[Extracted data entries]
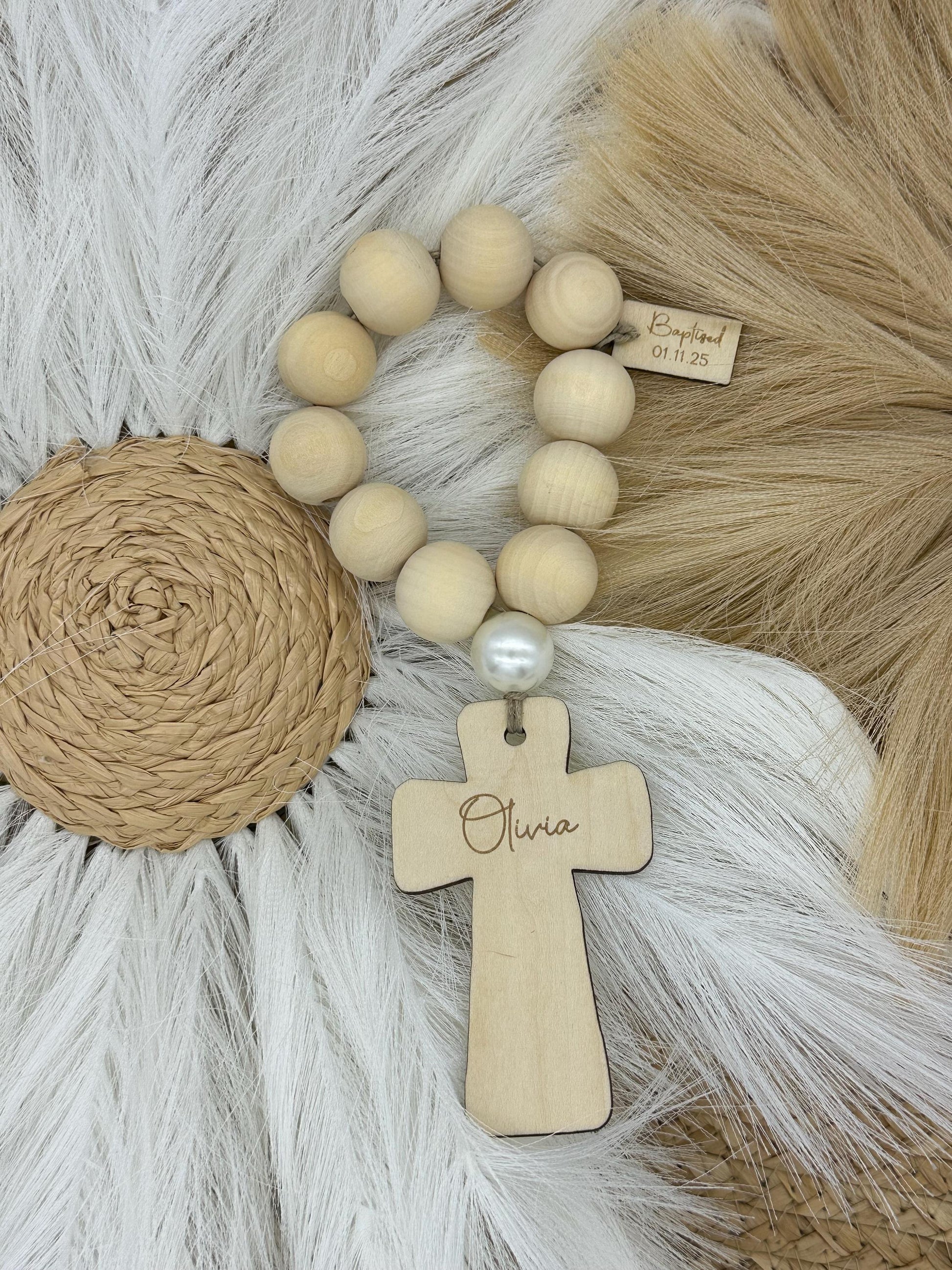 Personalized Wood Bead Rosary | Baptism, First Communion & Confirmation Favors
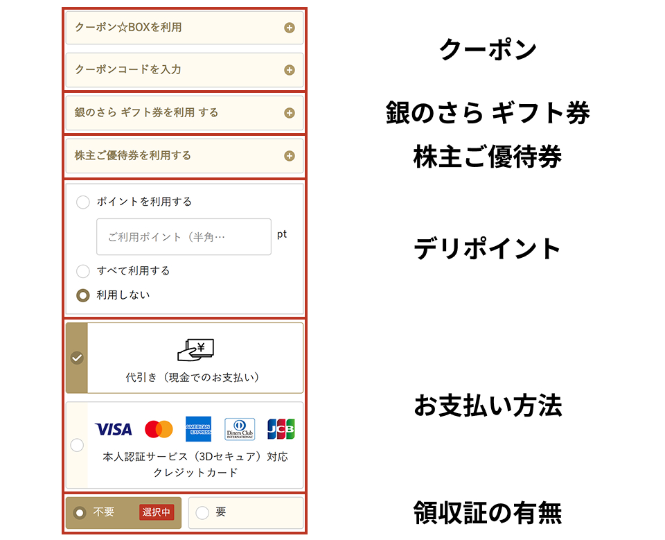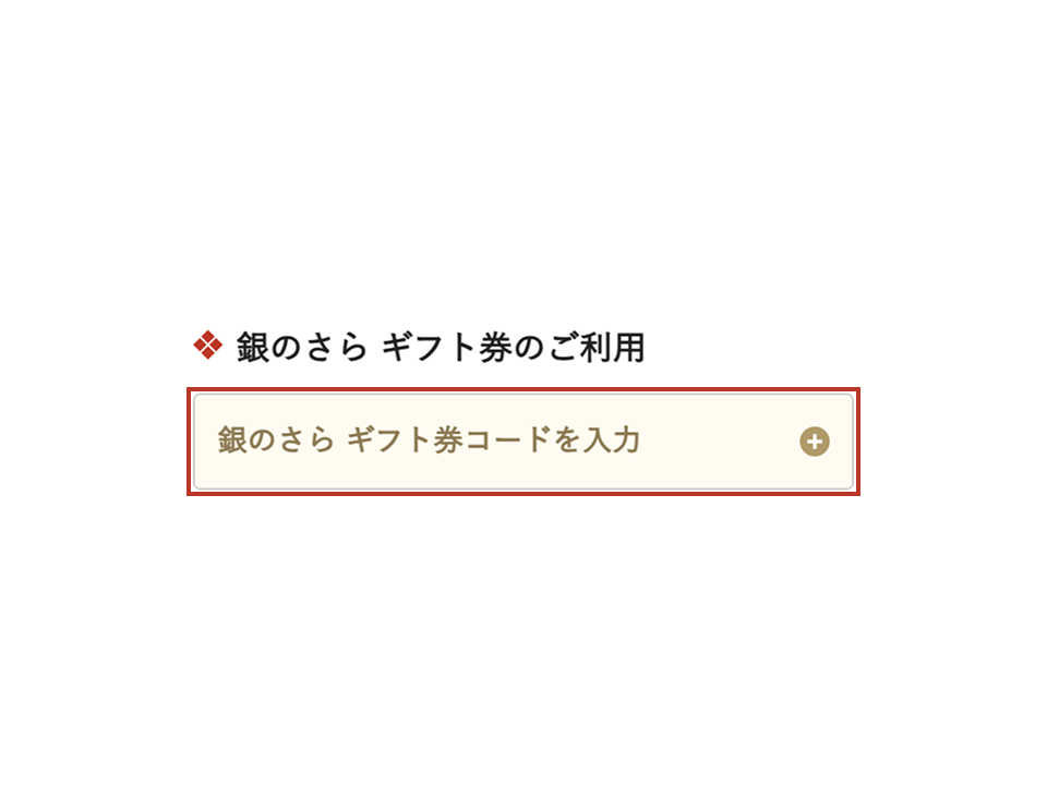 銀のさらギフト券は、お支払い方法の指定(注文情報を入力する)の入力時にご利用いただけます。「銀のさらギフト券コードを入力」ボタンを押してください。
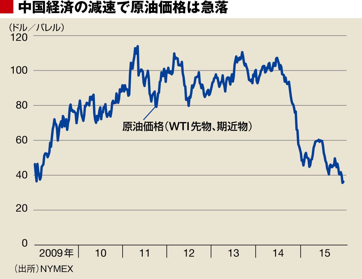 リーマンショック後に、指標となるWTI(期近物先物)で1バレル30ドル台にまで下落していた原油は、先進諸国の大胆な金融緩和と中国など新興国の高成長を背景とした需要の拡大予想で、1バレル100ドル程度で推移していた。しかし、アメリカがQE3(量的緩和政策の第3弾)を終了して金利引き上げに向かい、中国経済の減速が目立つようになると、1バレル30ドル台に下落している。
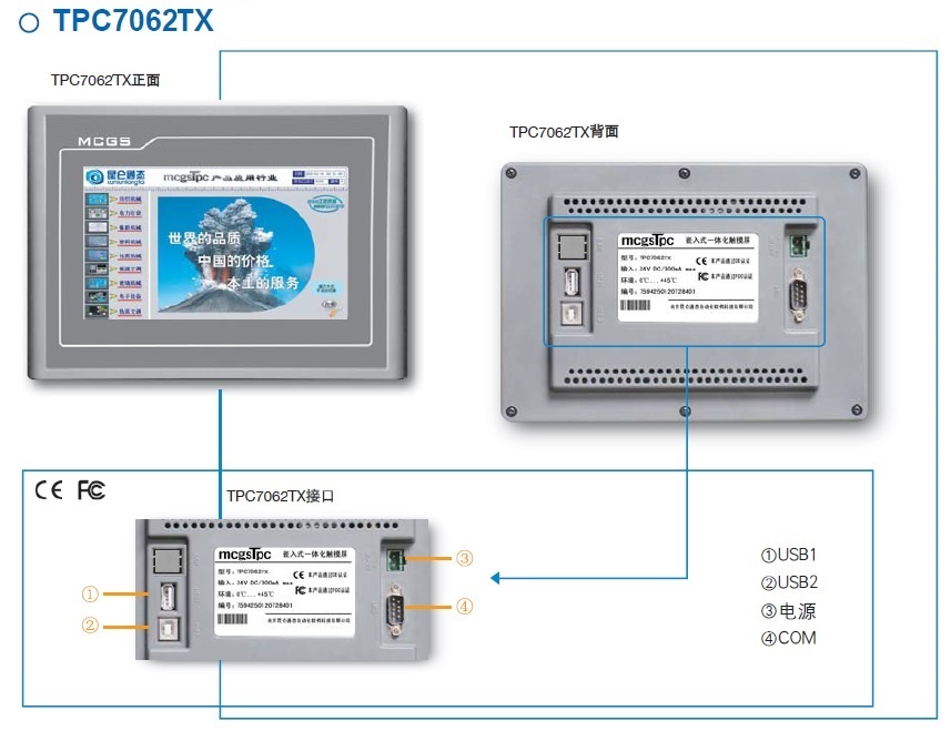 TPC7062TX,是一套以先進(jìn)的Cortex-A8 CPU為核心(主頻600MHz)的高性能嵌入式一體化觸摸屏。該產(chǎn)品設(shè)計(jì)采用了7英寸高亮度TFT液晶顯示屏(分辨率800×480),四線電阻式觸摸屏(分辨率4096×4096)。同時(shí)還預(yù)裝了MCGS嵌入式組態(tài)軟件(運(yùn)行版),具備強(qiáng)大的圖像顯示和數(shù)據(jù)處理功能。
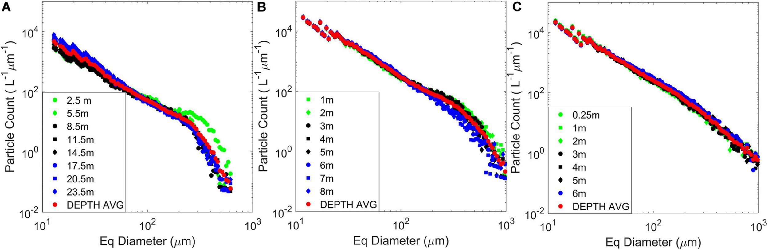 Depth-binned and depth-averaged particle size distributions (PSDs) obtained from vertical profiles of a holographic imaging system during two field experiments at East Sound, Washington, in September 2015 and at Lake Erie in August 2014. Figure adapted from data presented in Moore et al. (2017) and Nayak et al. (2018a; 2018b). (A) The East Sound profile was recorded during the presence of a “thin layer” of diatoms, dominated by Ditylum brightwelli; (B) Data recorded during a Microcystis aeruginosa bloom in western Lake Erie; and (C) PSDs at Lake Erie in a water mass dominated by the cyanobacteria Planktothrix aghardii.
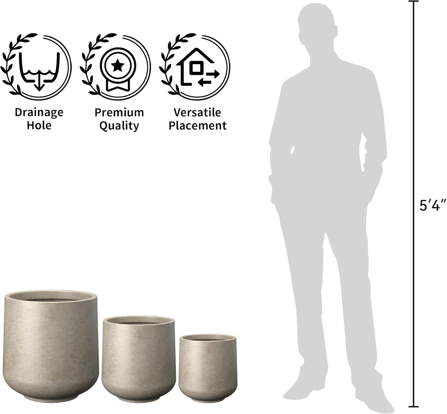 Kante 15.3" Dia Round Concrete Planter, Outdoor Indoor Large Plant Pots Containers with Drainage Hole and Rubber Plug for Home Garden Patio, Buff Concrete
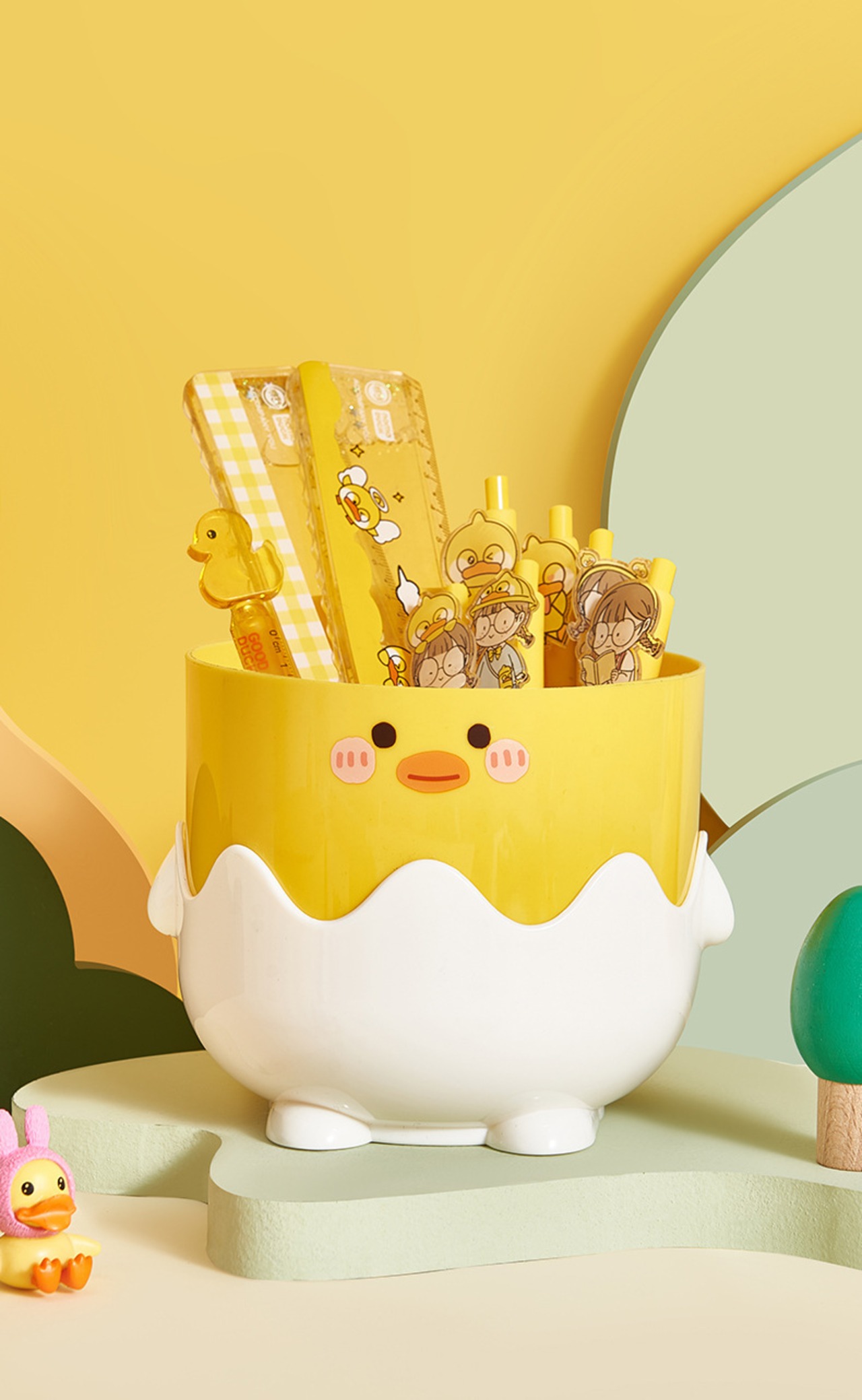 机の上でペン立てや付箋やクリップなどの小物入れに便利。
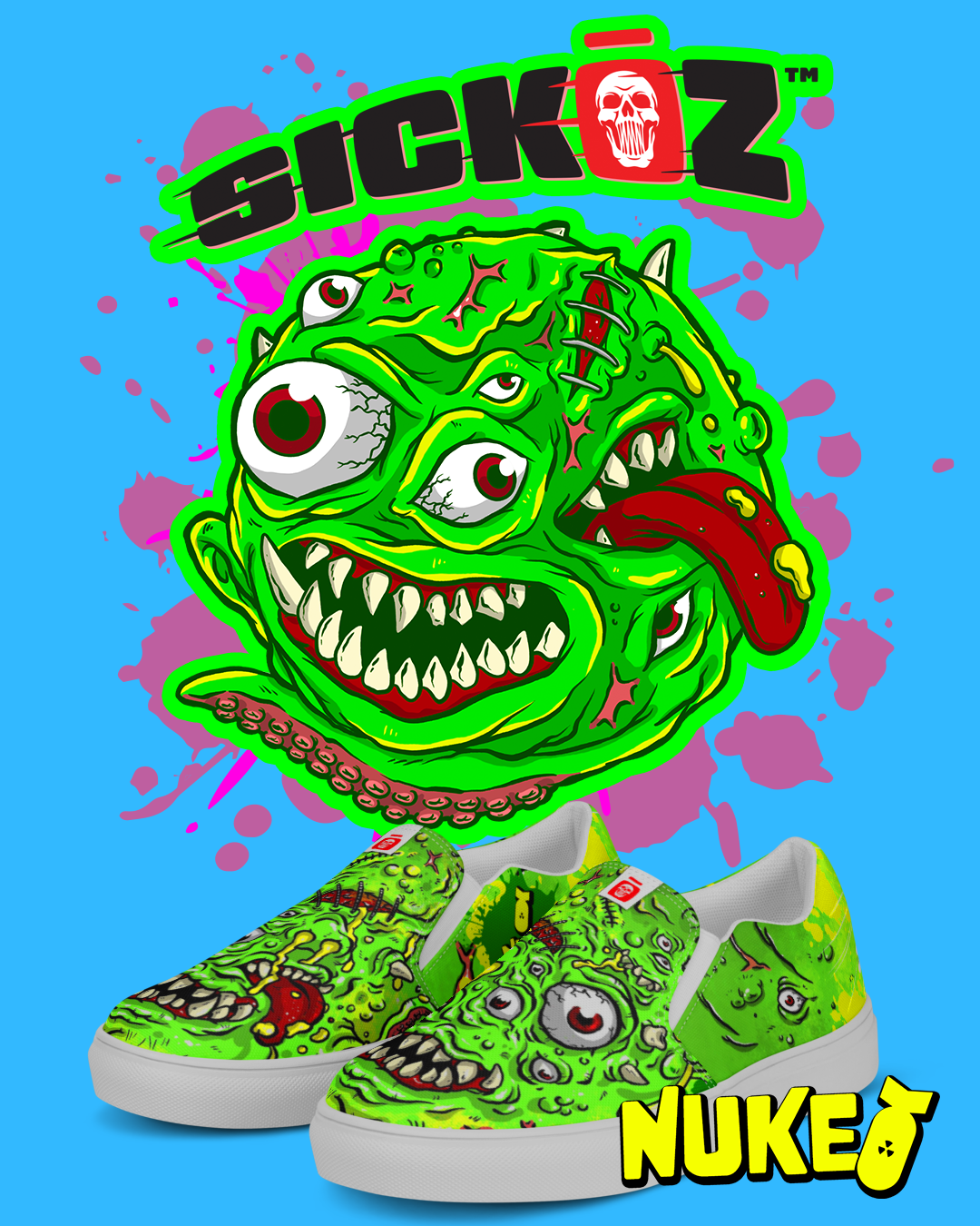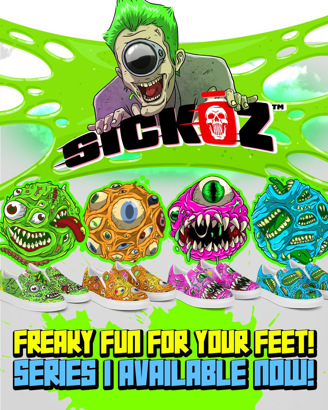 Sickoz is a brand built around a playful obsession with 1980s and 1990s toy culture—drawing inspiration from gross-out collectibles, neon packaging, and the irreverent spirit of Garbage Pail Kids. For the brand, I developed a distinctive visual world of humorous, hand-illustrated characters and warped iconography that balances nostalgia with modern design sensibilities. The result was a unique, interactive line of “toys for your feet,” transforming footwear and merchandise into collectible, customizable pieces designed to be played with as much as they’re worn.

**Work required**
Each record above needs to be copied exactly, with images left out.

**Response area**
 Personalized Wood Bead Rosary | Baptism, First Communion & Confirmation Favors
 銀のさらギフト券は、お支払い方法の指定(注文情報を入力する)の入力時にご利用いただけます。「銀のさらギフト券コードを入力」ボタンを押してください。
 リーマンショック後に、指標となるWTI(期近物先物)で1バレル30ドル台にまで下落していた原油は、先進諸国の大胆な金融緩和と中国など新興国の高成長を背景とした需要の拡大予想で、1バレル100ドル程度で推移していた。しかし、アメリカがQE3(量的緩和政策の第3弾)を終了して金利引き上げに向かい、中国経済の減速が目立つようになると、1バレル30ドル台に下落している。
 TPC7062TX,是一套以先進(jìn)的Cortex-A8 CPU為核心(主頻600MHz)的高性能嵌入式一體化觸摸屏。該產(chǎn)品設(shè)計(jì)采用了7英寸高亮度TFT液晶顯示屏(分辨率800×480),四線電阻式觸摸屏(分辨率4096×4096)。同時(shí)還預(yù)裝了MCGS嵌入式組態(tài)軟件(運(yùn)行版),具備強(qiáng)大的圖像顯示和數(shù)據(jù)處理功能。
 Depth-binned and depth-averaged particle size distributions (PSDs) obtained from vertical profiles of a holographic imaging system during two field experiments at East Sound, Washington, in September 2015 and at Lake Erie in August 2014. Figure adapted from data presented in Moore et al. (2017) and Nayak et al. (2018a; 2018b). (A) The East Sound profile was recorded during the presence of a “thin layer” of diatoms, dominated by Ditylum brightwelli; (B) Data recorded during a Microcystis aeruginosa bloom in western Lake Erie; and (C) PSDs at Lake Erie in a water mass dominated by the cyanobacteria Planktothrix aghardii.
 Kante 15.3" Dia Round Concrete Planter, Outdoor Indoor Large Plant Pots Containers with Drainage Hole and Rubber Plug for Home Garden Patio, Buff Concrete
 机の上でペン立てや付箋やクリップなどの小物入れに便利。
 Sickoz is a brand built around a playful obsession with 1980s and 1990s toy culture—drawing inspiration from gross-out collectibles, neon packaging, and the irreverent spirit of Garbage Pail Kids. For the brand, I developed a distinctive visual world of humorous, hand-illustrated characters and warped iconography that balances nostalgia with modern design sensibilities. The result was a unique, interactive line of “toys for your feet,” transforming footwear and merchandise into collectible, customizable pieces designed to be played with as much as they’re worn.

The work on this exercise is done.